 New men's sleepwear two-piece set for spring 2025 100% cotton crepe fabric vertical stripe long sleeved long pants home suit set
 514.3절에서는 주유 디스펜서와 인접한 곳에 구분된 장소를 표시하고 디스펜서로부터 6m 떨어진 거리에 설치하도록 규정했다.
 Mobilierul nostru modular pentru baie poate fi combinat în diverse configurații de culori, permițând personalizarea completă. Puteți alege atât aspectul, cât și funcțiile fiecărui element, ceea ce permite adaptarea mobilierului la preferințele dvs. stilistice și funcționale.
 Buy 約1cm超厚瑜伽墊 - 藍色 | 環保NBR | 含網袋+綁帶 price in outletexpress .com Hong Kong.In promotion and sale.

◆ ◆ ◆ ◆ ◆

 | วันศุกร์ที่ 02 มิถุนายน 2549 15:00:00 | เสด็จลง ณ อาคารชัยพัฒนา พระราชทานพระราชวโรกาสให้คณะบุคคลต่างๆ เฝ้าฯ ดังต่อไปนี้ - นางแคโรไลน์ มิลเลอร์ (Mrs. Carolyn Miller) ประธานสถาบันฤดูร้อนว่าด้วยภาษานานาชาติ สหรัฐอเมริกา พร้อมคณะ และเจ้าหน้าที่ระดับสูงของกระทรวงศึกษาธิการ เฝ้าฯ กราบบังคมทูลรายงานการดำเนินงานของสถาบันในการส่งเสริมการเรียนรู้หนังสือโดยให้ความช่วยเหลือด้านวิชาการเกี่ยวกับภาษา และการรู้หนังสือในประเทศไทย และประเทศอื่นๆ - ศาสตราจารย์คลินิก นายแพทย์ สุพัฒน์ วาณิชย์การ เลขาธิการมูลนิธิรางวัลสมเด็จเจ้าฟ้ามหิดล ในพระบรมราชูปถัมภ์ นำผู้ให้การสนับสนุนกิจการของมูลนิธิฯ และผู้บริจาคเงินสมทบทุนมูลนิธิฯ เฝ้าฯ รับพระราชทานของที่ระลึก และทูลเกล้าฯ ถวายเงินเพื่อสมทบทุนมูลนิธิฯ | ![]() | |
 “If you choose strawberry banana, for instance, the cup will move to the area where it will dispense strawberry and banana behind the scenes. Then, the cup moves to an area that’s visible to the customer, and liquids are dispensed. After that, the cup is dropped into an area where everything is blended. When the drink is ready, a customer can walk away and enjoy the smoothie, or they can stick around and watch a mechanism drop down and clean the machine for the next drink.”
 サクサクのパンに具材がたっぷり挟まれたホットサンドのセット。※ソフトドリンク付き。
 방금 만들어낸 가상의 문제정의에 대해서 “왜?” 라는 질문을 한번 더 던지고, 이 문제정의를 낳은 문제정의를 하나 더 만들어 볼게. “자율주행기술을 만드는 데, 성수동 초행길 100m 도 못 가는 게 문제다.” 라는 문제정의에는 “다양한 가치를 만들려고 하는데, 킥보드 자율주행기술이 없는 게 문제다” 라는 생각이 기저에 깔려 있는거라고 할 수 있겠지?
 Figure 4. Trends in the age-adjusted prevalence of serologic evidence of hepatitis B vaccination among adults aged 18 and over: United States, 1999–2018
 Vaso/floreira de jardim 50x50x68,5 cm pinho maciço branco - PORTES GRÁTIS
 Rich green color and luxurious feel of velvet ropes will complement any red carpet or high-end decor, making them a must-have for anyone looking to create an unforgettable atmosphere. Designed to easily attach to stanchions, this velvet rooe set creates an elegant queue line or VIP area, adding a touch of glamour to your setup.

◆ ◆ ◆ ◆ ◆

* **Aim of the task**:
Retype only the lines above between the line with "Mobilierul nostru modular" and the line with "Buy 約1cm超厚瑜伽墊 - 藍色", counting those two lines as well, and keep every character as it is.

* **Written response**:
 Mobilierul nostru modular pentru baie poate fi combinat în diverse configurații de culori, permițând personalizarea completă. Puteți alege atât aspectul, cât și funcțiile fiecărui element, ceea ce permite adaptarea mobilierului la preferințele dvs. stilistice și funcționale.
 Buy 約1cm超厚瑜伽墊 - 藍色 | 環保NBR | 含網袋+綁帶 price in outletexpress .com Hong Kong.In promotion and sale.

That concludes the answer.